The volunteers joined hundreds of officers in the hunt, alongside coastguard and lifeboat teams, helicopters, search dogs and the emergency services.
Assistant Chief Constable Malcolm Graham, of Police Scotland, said: "During the initial stages of the inquiry... the local community assisted us greatly in the search.
"What followed was an incredible level of support and assistance to one of the biggest missing person inquiries Police Scotland has undertaken."
However, as the second day of the search wore on with no confirmed sightings, the sense of unease surrounding the circumstances of Mikaeel's disappearance began to grow.
It emerged he had not been seen at his nursery since the Christmas break because he had been ill.
'Angry people'
In the early hours of Saturday it was revealed Mikaeel's body was found in Fife shortly before midnight and a person had been detained.
That person was soon revealed to be Adekoya, who would by the end of the day be arrested and charged over the death of her son.
Police sealed off a house in Kirkcaldy's Dunvegan Avenue belonging to Mikaeel's aunt, Adekoya's sister.
Hundreds attended a memorial service held at the city's Muirhouse St Andrew's Church.
Neighbour Paul Cairns, 46, who was involved in the search for Mikaeel, said he did not know the accused.
"She was really quiet, she stayed opposite us," he said.

Rosdeep Adekoya's lawyer said she had a number of "underlying problems"

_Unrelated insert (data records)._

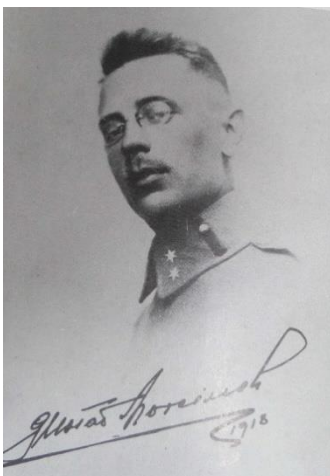
Gustaw Morcinek (1891-1963) , pisarz, publicysta, nauczyciel, poseł na Sejm.

Gustaw Morcinek urodził się 25 sierpnia 1891 roku w Karwinie na Zaolziu. Po ukończeniu szkoły ludowej, w wieku 16 lat rozpoczął pracę w kopalni jako górnik. W wieku 19 lat podjął naukę w polskim seminarium nauczycielskim w Białej, otrzymując kwalifikacje do nauczania w szkołach z polskim językiem wykładowym.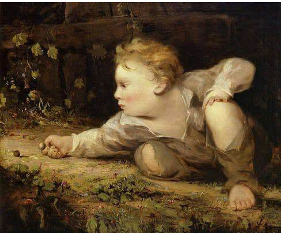
اسم الفنان: David Gilmour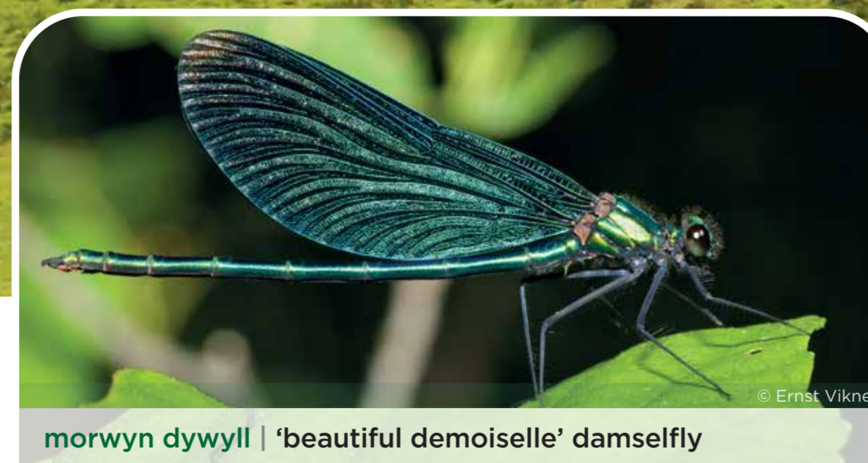
morwyn dywyll | 'beautiful demoiselle' damselfly

Oherwydd bod digon o ddewis yma, daw adar ysglyfaethus draw'n rheolaidd, gan gynnwys bwncathod, cudyllod coch, gweilch glas a thylluanod gwynion.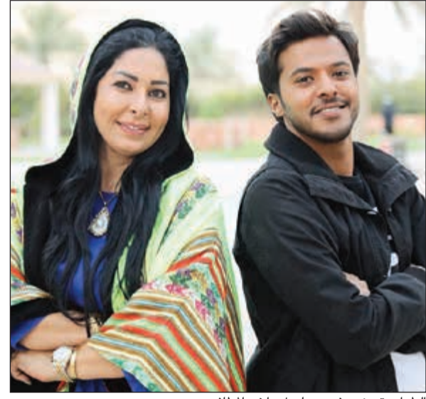
الطرارة ونور في مسلسل «آخر المطاف»

موضحا أنه في «آخر المطاف» يجسد شخصية «عثمان» الشاب العاق بوادته بسبب رفضها زواجه من ابنة عمه بسبب وجود خلافات أسرية سابقة تجمع الأسرتين لكنه يصبر على الزواج منها ليكتشف فيما بعد أنها تزوجت منه بقصد الانتقام من أفراد أسرته.

"We used to just see the wee boy sitting up at the window, playing with his toys."
He went on: "The whole community came together (to search) and then to be told that he had been killed... There would be a lot of angry people out there. I know that I'm one of them.
"The wee lad never had a chance to start off with. I think the kids should have been kept away from her (Adekoya)."
His daughter, Shannon Cairns, 17, said she felt sickened by the events.
"It's horrible. There's no words to describe how I feel," she said.
'Truly tragic'
The teenager told how she searched parks, fields and woods for the young boy.
Of Adekoya, she said: "She could still have got help. There's no reason not to have got help."
At the High Court in Edinburgh on Friday, Adekoya admitted killing her son and hiding his body in a suitcase behind her sister's house in Kirkcaldy.
Defence QC Brian McConnachie said it was a "truly tragic" case.
He also pointed to the tragedy faced by the boy's father and the "extraordinarily difficult" time for Adekoya's family.
The lawyer also described the case as a tragedy for Adekoya herself, telling the court: "Rosdeep Adekoya is not a monster."
"It would appear she has been a young mother with a number of underlying problems, which the court will hear about in due course, with five young children."